Lui l’avait presque oubliée. Sa vie sentimentale était à cette époque assez désordonnée, et il avait parfois du mal à coller un prénom sur le visage de celles avec qui il sortait. Leurs quelques rendez-vous n’avaient été en somme qu’une aventure passagère. De plus le rôle qu’il avait joué n’avait rien eu de très glorieux — il n’était donc guère surprenant qu’il eût préféré l’occulter.

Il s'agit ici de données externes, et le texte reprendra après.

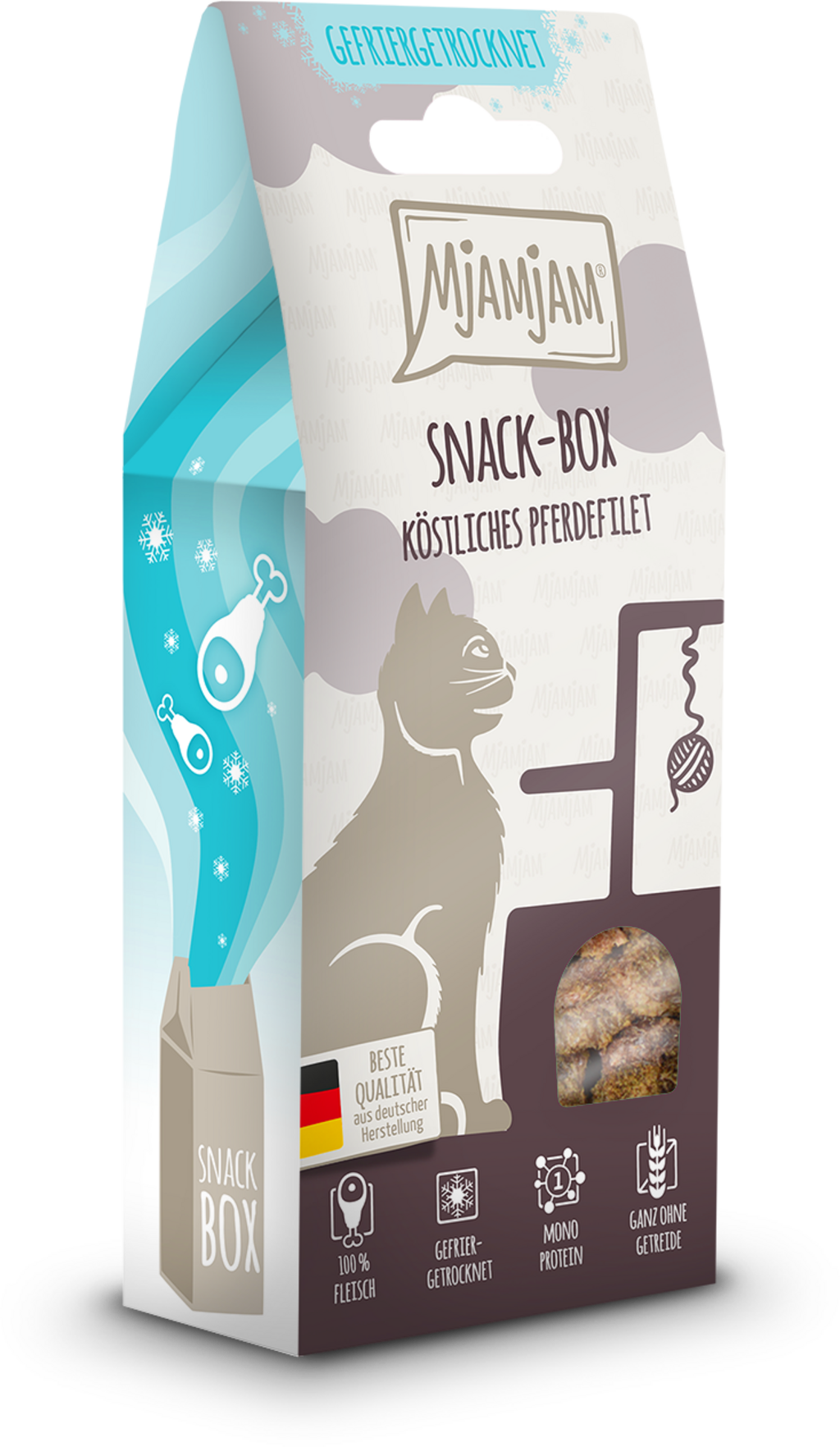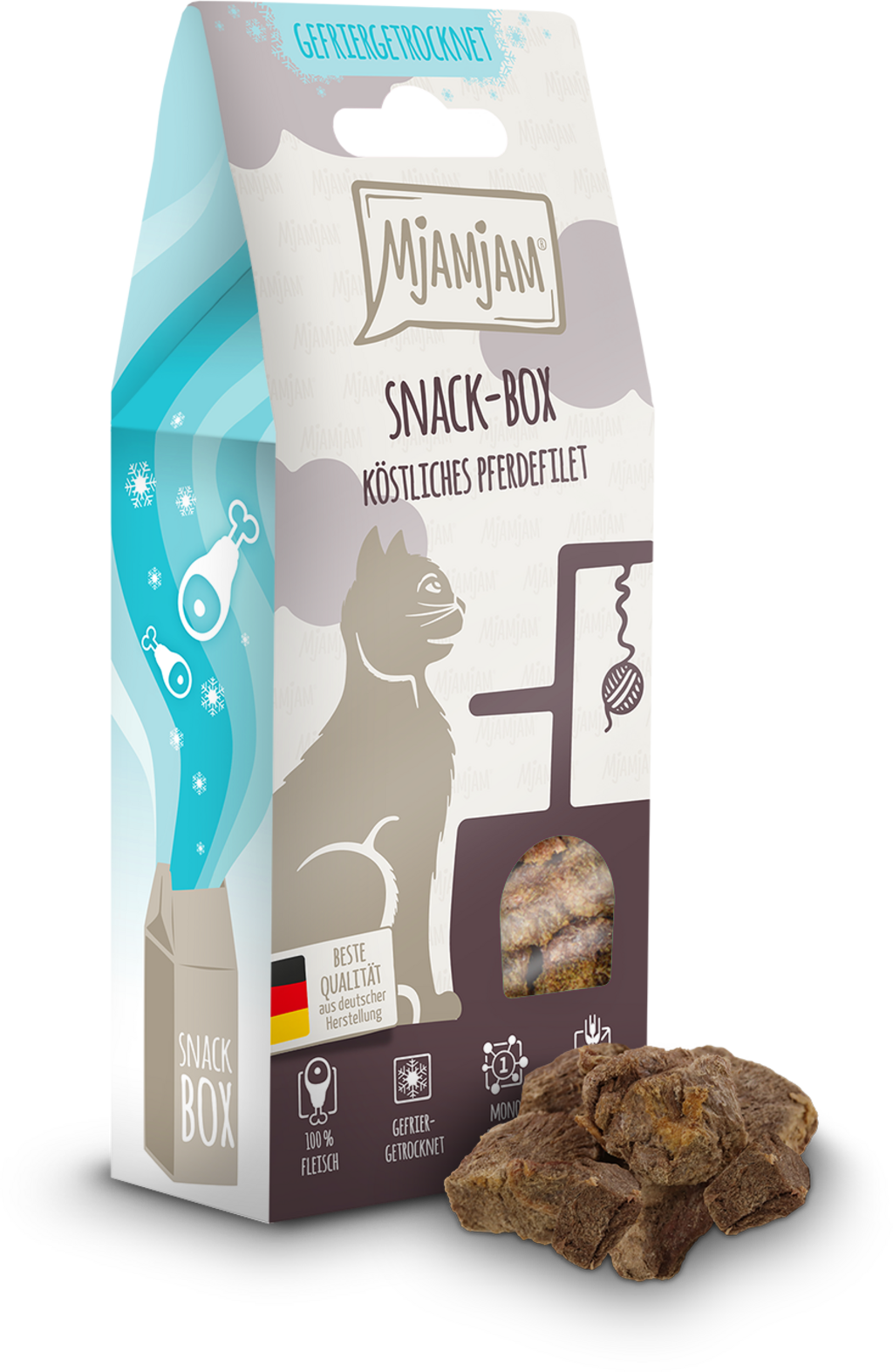 Les friandises de la Snack Box de Mjamjam sont la récompense parfaite pour faire plaisir à votre chat. Préparée avec de délicieux filets de cheval délicatement lyophilisés, cette snack box propose un produit naturel que votre compagnon félin va adorer.

Son oubli cependant eut l’avantage de l’empêcher de paniquer quand il la reconnut. Le temps que son prénom lui revienne en mémoire, il fut forcé de lui répondre sur un ton léger. Consciente de son avantage, elle sourit discrètement de son inconséquence, lui demanda de ses nouvelles, avant de s’excuser de n’avoir pas trouvé le temps plus tôt de l’appeler ou de passer le voir… Elle avait eu mille choses à faire, et espérait qu’il ne lui tenait pas rigueur de l’avoir négligé !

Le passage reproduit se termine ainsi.